Preliminary Studies: Norepinephrine transport (NET) inhibitors show promise as a novel treatment. Three (reboxetine, sibutramine, and atomoxetine) all prevent vasovagal syncope in healthy subjects and vasovagal syncope patients on tilt tests. Atomoxetine, approved to treat attention deficit disorder, is a highly selective NET inhibitor. We reported a proof-of-principle, randomized, placebo-controlled trial of the efficacy of atomoxetine to prevent vasovagal syncope on tilt table tests. Patients underwent tilt testing after receiving either atomoxetine 40 mg or placebo. Fewer VVS patients fainted with atomoxetine than placebo (10/29 vs. 19/27; odds ratio 0.22, p < 0.01). Our meta-analysis of the effects of NET inhibition on the vasovagal reflex induced by tilt tests was highly positive. A pre-post study showed that sibutramine reduced syncope frequency in highly symptomatic and drug-refractory patients. A similar pre-post study showed that atomoxetine also reduces syncope frequency about 85% in patients with frequent and drug-intolerant or drug-resistant vasovagal syncope. Therefore,NET inhibition by atomoxetine merits assessment based on positive proof-of-principle studies, an apparent class effect, and two open-label pre-post studies. These results provide the rationale for a formal randomized, placebo-controlled, crossover trial of atomoxetine in moderate-to-high risk patients with VVS.

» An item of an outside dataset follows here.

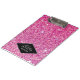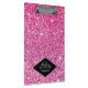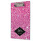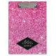 Coordinates with the Pink Glitter and Glamour Beauty Business Card Template by 1201AM. A bright pink glittery background image provides a glamourous backdrop to this personalized clipboard design. Your name or business name is elegantly styled in a faux silver trimmed nameplate on the front. © 1201AM Design Studio
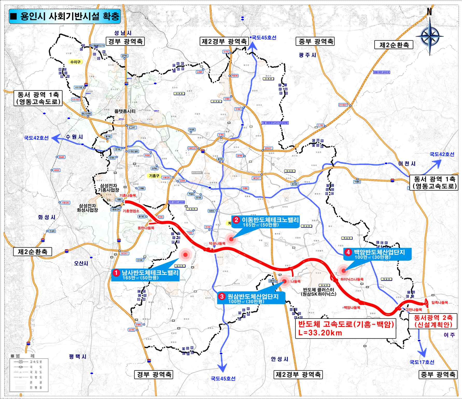 <국민의힘 이상일용인시장 후보 민자고속도로 및 반도체 클러스터조성> 김경순 기자 2022-05-02 20:37 가 본문내용 확대/축소 본문 <국민의힘 이상일용인시장 후보 민자고속도로 및 반도체 클러스터조성><국민의힘 이상일용인시장 후보 민자고속도로 및 반도체 클러스터조성><국민의힘 이상일용인시장 후보 민자고속도로 및 반도체 클러스터조성> 국민의힘 이상일 용인특례시장 후보 공약 이상일 의원님, [2022-05-02 오전 10:37] 국민의힘 이상일 용인특례시장 후보 공약 <용인시 반도체 고속도로 신설 및 반도체 산업 클러스터 조성> 안녕하십니까? 국민의 힘 용인특례시장후보 이상일 인사드리겠습니다. 지난 4월 28일에 “용인철도망 확충공약” 발표에 이어 오늘은 “용인반도체 고속도로 및 반도체 클러스터 조성”공약을 발표하겠습니다. 반도체 도로 등의 공약 설명에 앞서 철도공약에 대한 제 생각을 다시한번 분명히 밝혀드립니다. 저는 대통령 당선인 공약인 지하철 3호선 수지ㆍ광교 연장, 그리고 용인시가 기존에 검토해 온 동백~신봉 도시철도 사업을 그대로 계속, 그리고 적극적으로 추진 하겠다는 입장을 4월 28일 기자회견 서두에서 분명히 강조했습니다. 그리고 이의 추진과 함께 새로운 대안 노선인 지하철 3호선 수지~구성~동백~김량장동~양지~원삼 연장도 검토하겠다고 발표했습니다. 지하철 3호선 수지ㆍ광교 연장이 차량기지 확보 문제로 제대로 추진되지 못할 경우, 그리고 동백~신봉 노선도 원할하게 추진되지 못할 경우에 대안인 플랜B(지하철 3호선 수지~원삼 연장)를 미리부터 검토해서 중앙정부와의 협의에 들어가겠다는 뜻을 기자회견에서 몇차례나 강조했습니다. 3호선 수지ㆍ광교 연장이나 동백~신봉 도시철도 사업이 어려워질 경우 뒤늦게 대안을 찾기보다 두 가지 사업을 추진하면서 잘 안될 경우에도 대비하겠다는 것입니다. 그럼 반도체 고속도로 건설과 반도체 육성공약에 대해 말씀 드리겠습니다. 제가 시장으로 선출된다면 용인 처인구 남부지역을 동서로 관통하는 민자 고속도로를 신설하고 반도체 클러스터 조성을 최대한 빨리 완성하겠습니다. 반도체 관련 업체가 밀집된 기흥과 새로 조성될 처인구 원삼 SK하이닉스 산업단지를 잇는 민자고속도로를 만들고, 그 고속도로 백암을 거쳐 안성 일죽 중부고속도로까지 연결하겠습니다. 그리고 고속도로 인근 지역을 반도체 산업 벨트로 조성해 용인 전체가 반도체 산업 클러스터로 조성하겠습니다. 고속도로는 전액 민간자본으로 건설이 추진되며 총 길이는 약33.2㎞입니다. 출입 IC 6곳, JCT 3곳을 설치할 계획입니다. 수도권 남부지역의 동서를 횡단하는 영동고속도로와 평택∼음성 고속도로의 떨어진 거리가 약 27㎞인데, 반도체 고속도로가 이 중간지대에 건설되면 삼성반도체가 있는 기흥에서 일죽까지(약 50㎞) 자동차로 통상 90분 걸리던 소요 시간이 약 20분으로 크게단축될 것으로 보입니다. 또한 용인 남부지역 간선도로인 42번, 17번, 45번 국도의 차량정체 해소에도 큰 도움을 줄 것입니다. 저는 이 고속도로를 축으로 판교형 반도체 테크노밸리 2개와 반도체 관련 생산시설이 입지할 산업단지 2개 등 총 528만㎡ 규모의 반도체 산업 입지를 조성해 좋은 일자리를 창출하고 지역 경제를 활성화시키겠습니다. 용인이 대한민국 반도체의 중심도시, 국가경제성장동력의 핵심도시라는 브랜드 이미지를 갖도록 하겠습니다. 구체적으로 처인구 이동·남사지역에는 반도체 관련 R&D 시설과 연구ㆍ교육 등의 시설을 유치하고, SK하이닉스가 입주하는 처인구 원삼과 인근 백암지역에는 반도체 소부장(소재, 부품, 장비) 기업들이 입주해서 양질의 일자리를 만들고 지역을 발전시키는 데 크게 기여하도록 하겠습니다. 현재 용인시에는 총 29개의 산업단지가 조성됐거나 추진되고 있으나 16만5,000㎡ 이상의 산업단지는 3개에 불과합니다. 소규모 산업단지로 반도체 관련 소부장(소재, 부품, 장비) 기업들의 연구 및 생산시설을 수용하기 어려운만큼 충분한 인프라와 자족기능을 갖춘 대규모 산업단지를 조성해서 용인을 미국 실리콘밸리를 능가하는 세계최고의 반도체 클러스터가 되도록 키우겠습니다. 윤석열 대통령 당선인도 반도체를 국가의 전략산업으로 집중 육성하겠다는 의지를 갖고 있는 만큼 윤 당선인이 대선을 치를 때 캠프 공보실장과 대통령 후보 상근보좌역을 지낸 제가 시장이 되면 윤석열 대통령과 중앙정부의 지원을 최대한 이끌어 내서 용인을 세계에서 가장 앞서가는 반도체 도시로 변모시킬 수 있도록 하겠습니다. 제가 시장에 선출되면 윤석열 대통령을 처인구 원삼 반도체 클러스터 지역으로 모셔서 반도체 산업 육성과 도로ㆍ철도 등 교통망 확충, 그리고 전력 및 용수 지원 등 반도체 산업 발전을 위한 모든 인프라가 제대로 갖춰질 수 있도록 윤 대통령의 특별한 관심과 지원을 요청하겠습니다. SK 하이닉스에는 원삼과 백암 지역에 대한 적극 지원을 요청하겠습니다. SK하이닉스에는 반도체 클러스터 조성을 위한 보다 적극적인 투자, 클러스터 지역 시민들에 대한 적극 지원과 배려를 요청하겠습니다 또 원삼ㆍ백암 지역 취약계층

Hypothesis: We will test the hypothesis that oral atomoxetine prevents syncope in patients with recurrent VVS.

The Study: Patients will be included based on a positive Calgary Syncope Symptom Score and a history of at least 2 faints in the previous year. Eligible patients will be randomized to atomoxetine 40 mg po twice daily or matching placebo in a randomized, placebo-controlled, parallel design, double-blind, crossover trial. Each arm will last 6 months with a 1-week washout period. The primary outcome measure will be the proportion of patients with at least 1 syncope recurrence. The study will be powered to detect a beneficial odds ratio of 0.5, selected on the basis of the control outcome rates in 2 similarly designed, previous studies and international expert requirements for effect size. A sample size of 180 subjects will provide 85% power of detecting a difference between the arms at p<0.05. We will assess the effects of atomoxetine on quality of life, anxiety, injury, and the cost-effectiveness of atomoxetine treatment, and the effects of genetic factors on outcomes.

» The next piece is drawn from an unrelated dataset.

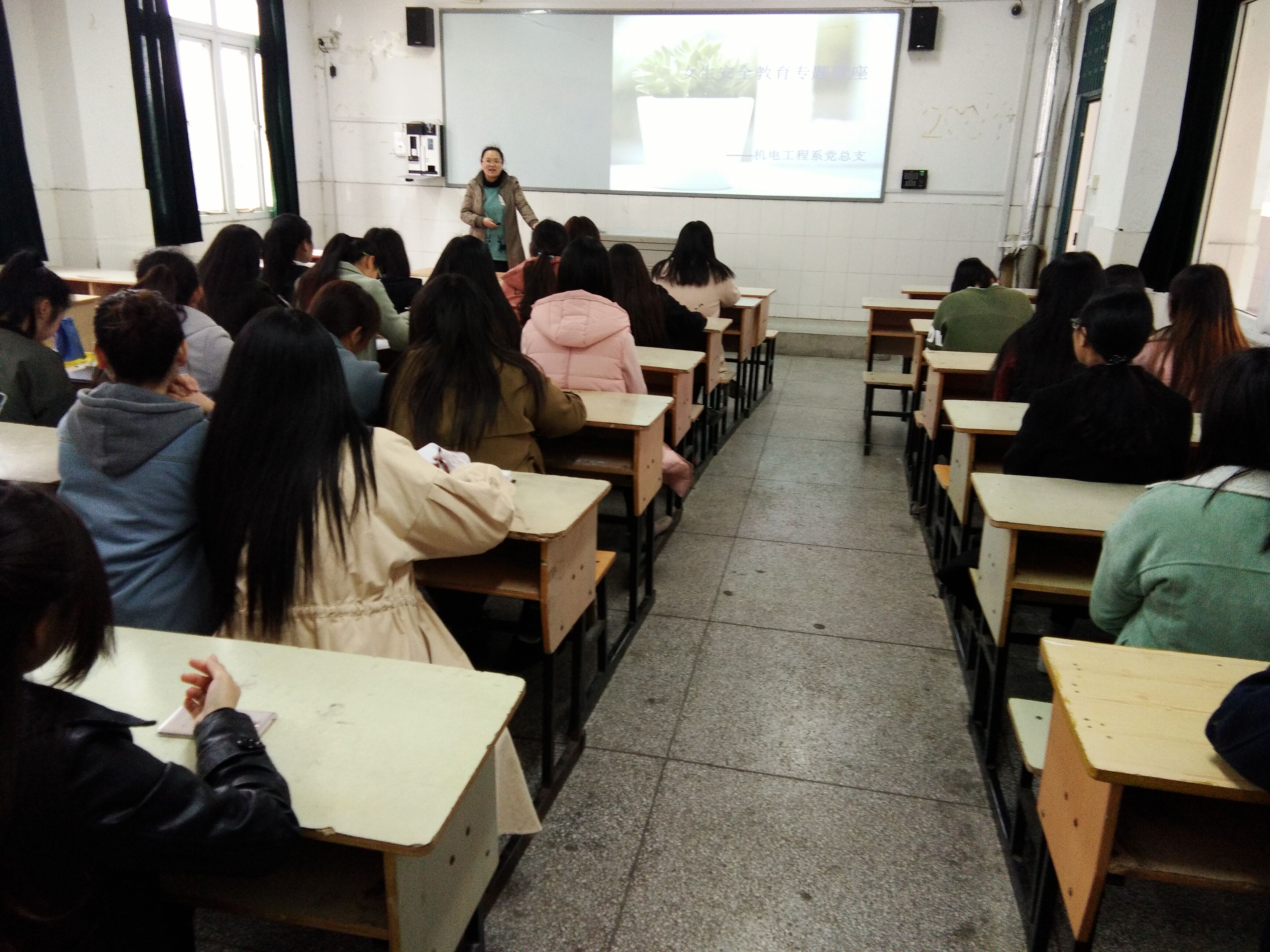 为增强女生心理健康教育,提高女生自救自护能力,促进广大女生身心健康发展,3月15日下午,机电工程系举办女生安全知识讲座。本次讲座由机电工程系16级辅导员汤晓莉主讲。

Substudies : The quality of life scales will be the SF-36 and the Euroqol EQ5D, which will also be used as the health utility index for the economic studies. The depression and anxiety scales will be the Hospital and Anxiety Depression Score (HADS) and the General Anxiety Disorder - 7 Score (GAD-7). Clinical anxiety is highly prevalent in patients with recurrent syncope. Injury will be self-reported using our published definitions. The health economic substudy will be from the health system perspective and will use Alberta administrative data. DNA will be collected from spit acquired in the Oragene saliva self-collection kits, and an initial candidate gene study might include alleles of CYP2D6, COMT, the serotonin (SLC6A4) and norepinephrine (SLC6A2) reuptake transporters, and the 5HT1A and 5HT3 receptors.

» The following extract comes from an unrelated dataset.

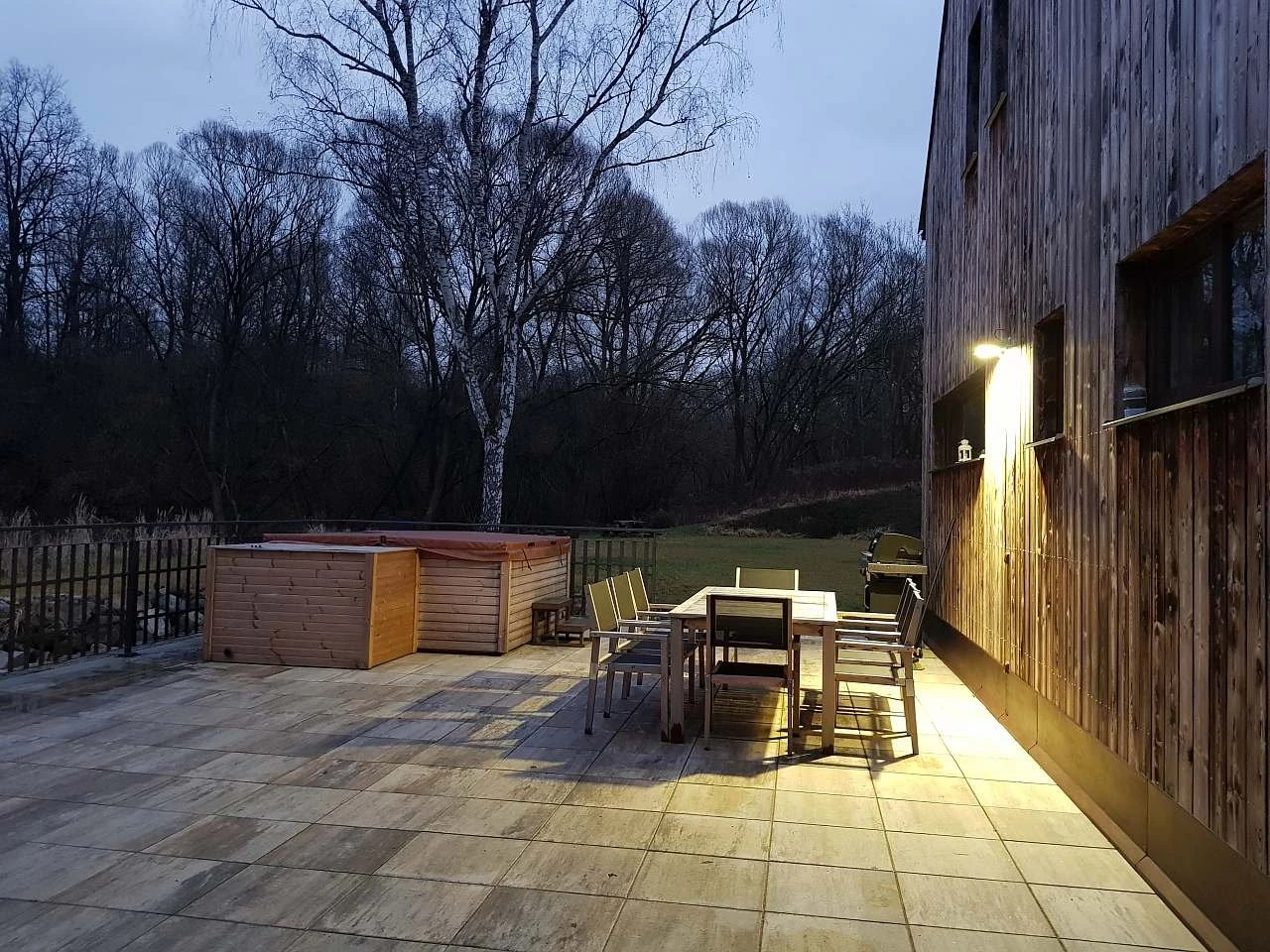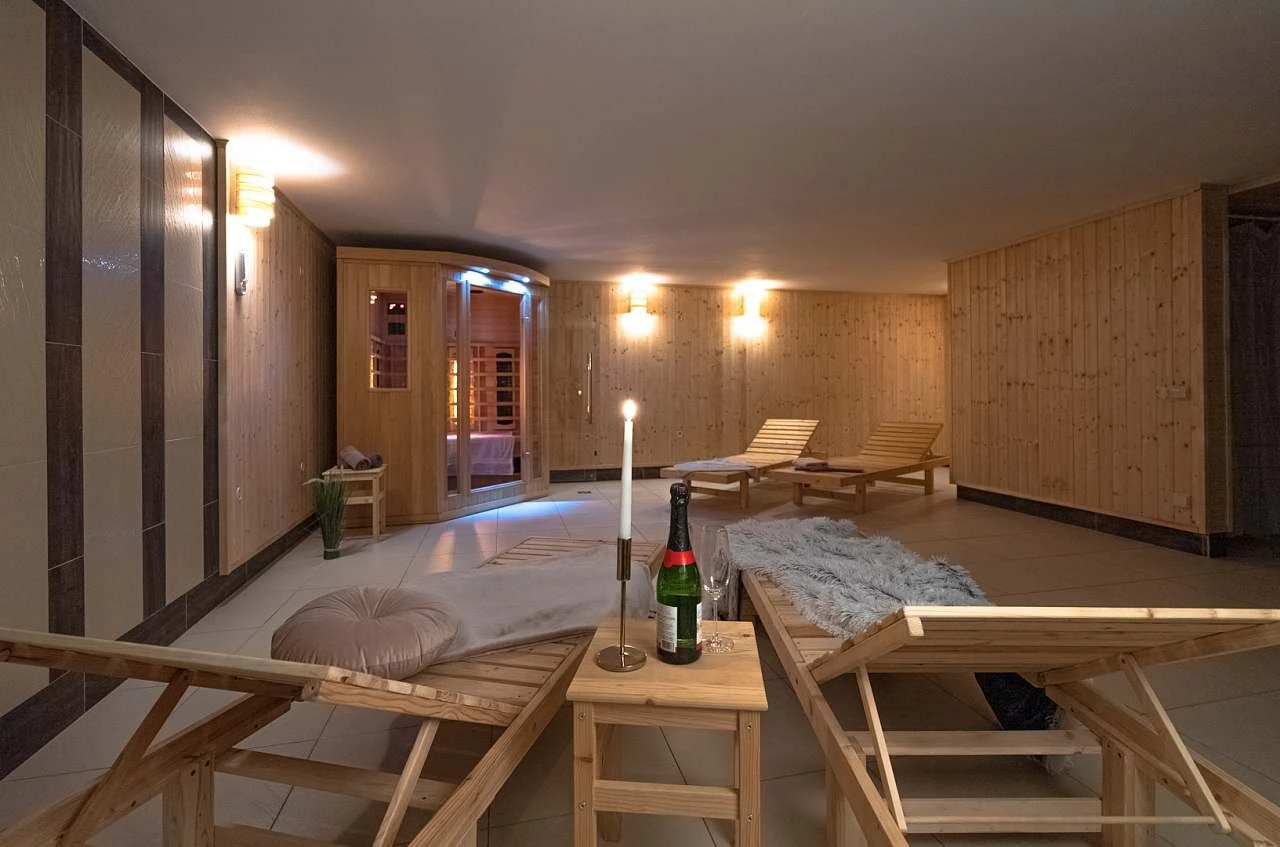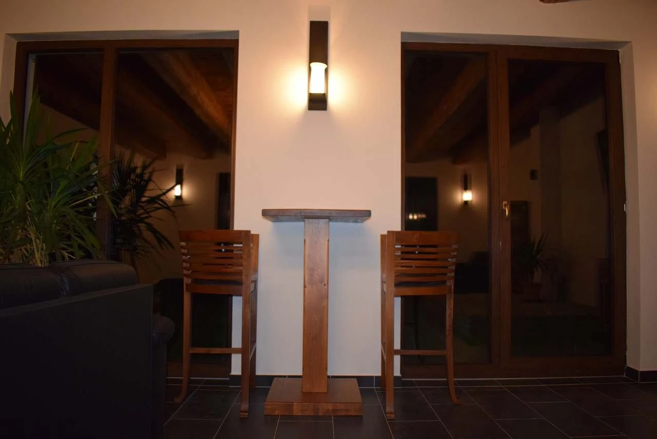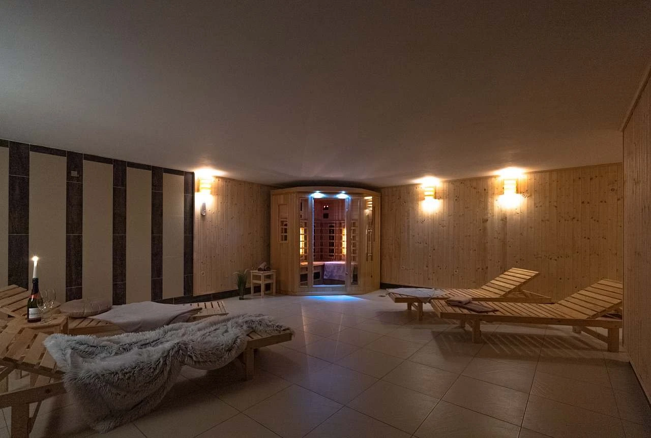 - Wellness: vířivka na terase, infrasauna, relaxační zóna, 2 sprchy, LED osvětlení.

Summary: Adults who faint recurrently are highly symptomatic. There are no therapies suitable for most patients have withstood the test of randomized clinical trials. If successful, atomoxetine will reduce syncope and improve quality of life.

Conditions

Vasovagal Syncope

Study Design

• Allocation Method: RANDOMIZED
• Intervention Model: PARALLEL
• Primary Study Purpose: TREATMENT
• Blinding Strategy: QUADRUPLE

Study Groups

Atomoxetine

Atomoxetine 40 mg PO BID (morning and late afternoon) Dosing will start at 40 mg daily for 3 days1 week, followed by a forced titration to 40 mg BID, as per the FDA label for atomoxetine.

Group Type: ACTIVE_COMPARATOR

Atomoxetine Hydrochloride

Intervention Type: DRUG

Atomoxetine 40 mg PO BID (morning and late afternoon) Dosing will start at 40 mg daily for 3 days1 week, followed by a forced titration to 40 mg BID, as per the FDA label for atomoxetine

Placebo

Matching placebo will be identical in appearance to the active treatment pill. BID (morning and late afternoon)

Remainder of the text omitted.